Заглавное стихотворение сборника «Один цветок» помещено на 16-й странице. Оно удивило меня гремучей смесью смыслов, интонаций, эпичности и тональностью детскости, почти инфантилизма. Начинается с пушкинских аллюзий («Анчар»):
Один цветок средь ядовитых плевел
Хранит нектар, отравой напоен,
Его гнетет могучий свежий ветер,
Сырой землей он к небу наклонен.
В пустыне чахлой и скупой,
На почве, зноем раскаленной,
Анчар, как грозный часовой,
Стоит — один во всей вселенной.
Природа жаждущих степей
Его в день гнева породила,
И зелень мертвую ветвей
И корни ядом напоила.
Но дальше Литвак отменяет эпическую интонацию и формирует впечатление детскости аллитерацией «шмели и пчелы» и на уровне морфемы уменьшительно-ласкательным суффиксом в слове «хоботки»:
Его весь день сосут шмели и пчелы,
Суют в нутро настырно хоботки, —
а в последующих двух строках реминисценцией с самым известным стихотворением Агнии Барто «Зайку бросила хозяйка, под дождем остался зайка…»:
Он всем открыт, беспомощный и голый,
Лишь под дождем сжимая лепестки.
Такое странное наложение приемов в контексте неожиданно формирует смысловой образ по принципу «совмещение несовместимого», одного из главных канонов авангардного и новаторского искусства.
О смещении интонации «предупреждает» уже игра в стилистическую ошибку, парадоксальный «перевертыш» — оксюморон «к небу наклонен», причем борьба с литературным штампом «тянется к небу» здесь не самоцель.
Далее эксперимент по смещению смысла продолжается, поскольку в третьем стихе появляется четкий эротический мотив, который тоже заявлял о себе в предыдущем стихе:
Он весь пунцов от сладострастной муки,
Щекочут муравьи, грызут жуки,
В его корнях кладут личинок мухи,
И оплетают листья пауки.
Но последняя строфа возвращает нас к эпической интонации, которая в первых двух строках представлена иронично за счет сознательного предъявления литературного штампа — «увял цветок», а дальше иронический пафос поддерживается контрастом стилистической окраски двух глаголов «увянуть» и «сгубила»: первое — из сентиментального лексикона поэтов-романтиков ХIХ века — в сочетании с просторечным «сгубила».
Увял цветок, природным циклам верен,
Его сгубила жизни полнота…
А в заключительных строчках иронический пафос плавно перетекает в аккорд жизнеутверждающего, вполне традиционного, узнаваемого финала:
И, засыхая, по ветру рассеял
Наполненные силой семена.
В целом, эффект насмешки во всем стихотворении рожден в лексическими атиномиями: «плевел», «хранит нектар», отравой напоен», «гнетет» — «сосут», «суют», «сладострастной муки» — «щекочут», «грызут».
Предметный образ-аллегория этого стихотворения — ядовитый цветок — передает размышления лирического героя о своем месте в жизни и неуютности современного мира.
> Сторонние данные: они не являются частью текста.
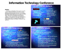 The purpose of the Information Technologies Conference is to provide information to students on the availability of engineering software packages throughout the College of Engineering. In addition, the conference gives students and faculty insight and demonstration of some software packages such as EES, Pro/Engineering, ANSYS, and MatLab. This will allow listeners to find out more about the potential of the software presented at the conference. Since this project is part of the ENME414 class, a more elaborate presentation of ANSYS, Pro/Engineering and Pro Fly Through will take place.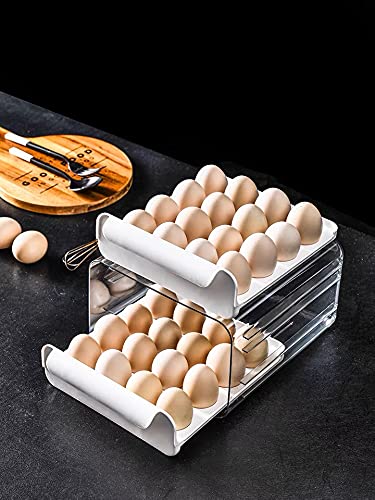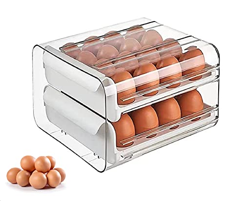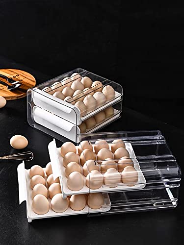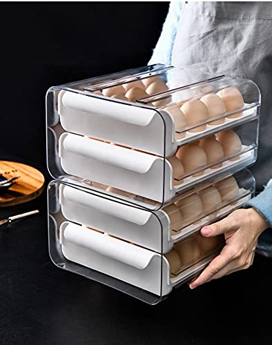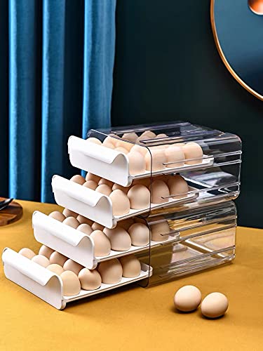 NILICAN - علبة بيض للثلاجة من نيليكان صندوق تخزين البيض شفافة قابلة للتكديس مصنوعة البلاستيك الطازج مع درج - أبيض
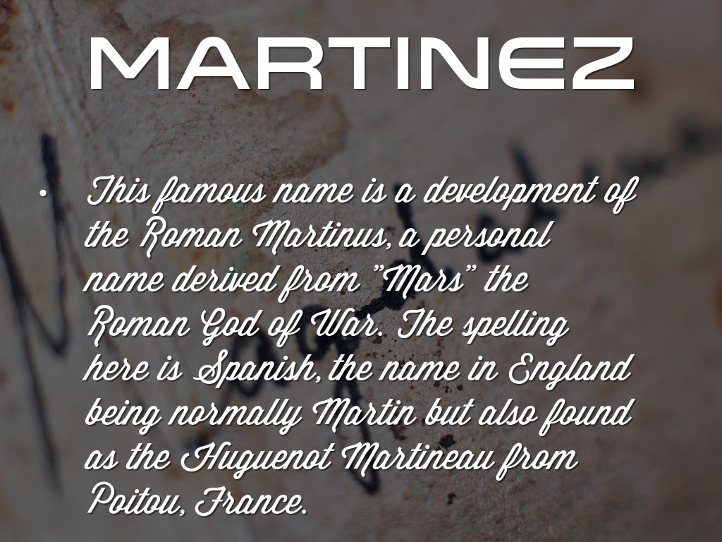 This famous name is a development of the Roman Martinus, a personal name derived from "Mars" the Roman God of War. The spelling here is Spanish, the name in England being normally Martin but also found as the Huguenot Martineau from Poitou, France.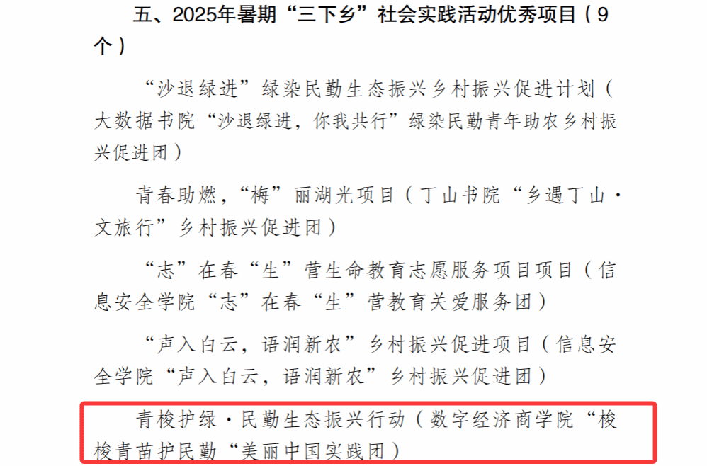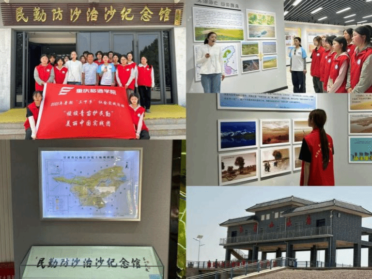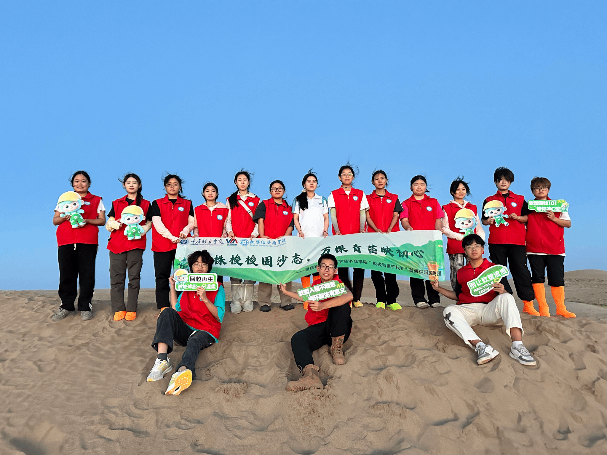 2025年盛夏,重庆移通学院数字经济商学院“梭梭青苗护民勤”美丽中国实践团跨越1400公里,赴甘肃民勤治沙一线开展八天社会实践。团队以青春汗水浇灌沙漠,在大漠种下绿色希望,赢得全国赞誉,谱写从实践到荣誉、从担当到传承的青春篇章。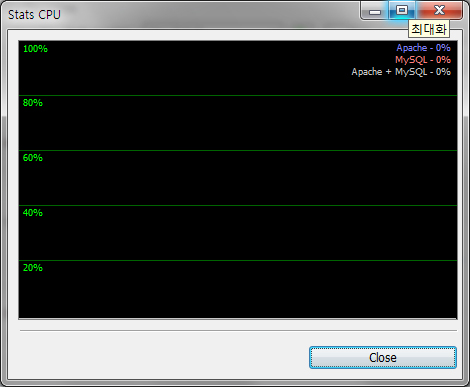 Server 텝에서는 Apache와 MySQL을 각각 실행/중지할 수 있는 버튼과 CPU모니터링을 할 수 있는 부분이 있고 Status 텝에서는 Apache와 MySQL의 실행상태여부와 CPU사용량 모니터링을 위한 도구가 있습니다. 막대그래프와 같이 생긴 버튼을 누르면 Real-Time으로 모니터닝하는 창이 뜹니다. 아래와 같습니다.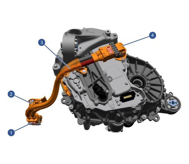 | 1. HV battery connector 2. Drive inverter DC voltage bracket 3. Drive inverter DC voltage bracket 4. Drive unit connector |
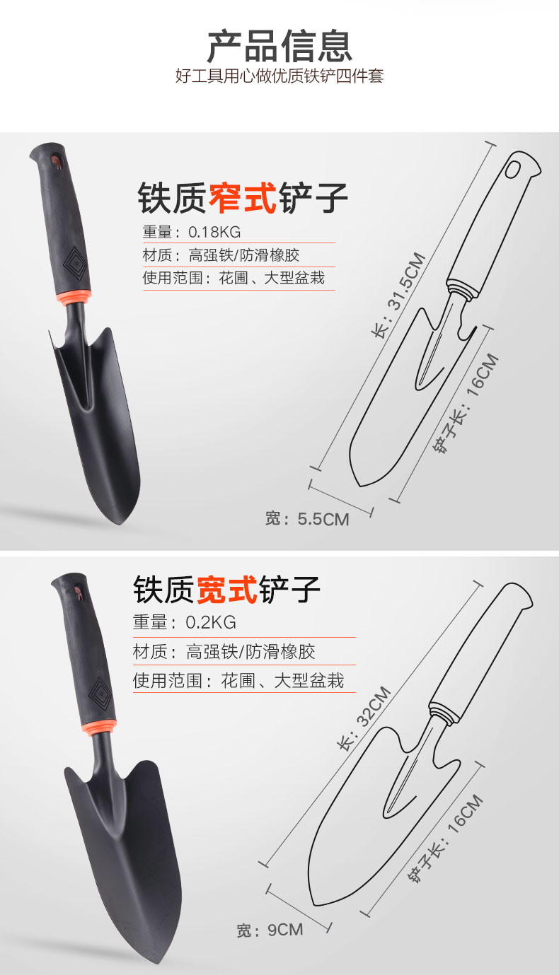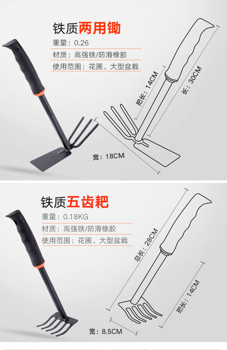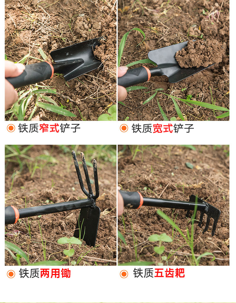分类:铲/耙/锹/锄;品牌:农宝;包装清单:两用锄头X1 五齿耙X1 宽铲X1 窄铲X1;

По сути, он переживает романтический конфликт несовместимости высоких страстей и окружающей действительности. Ядовитый цветок гибнет, он слаб пред временем и силами природы, но в финале нет указания на то, что его семена, развеянные ветром, также ядовиты, как и он сам. Они наполнены «силой», а не грозной, умертвляющей отравой.
В этом парадоксе и во многих других изобразительно-выразительных средствах поэзии Литвак реализуется девиз парадоксизма, одного из литературных направлений, основанного в Румынии писателем Флорентином Смарандаке в 1980-м году: «Все возможно, и невозможное тоже!»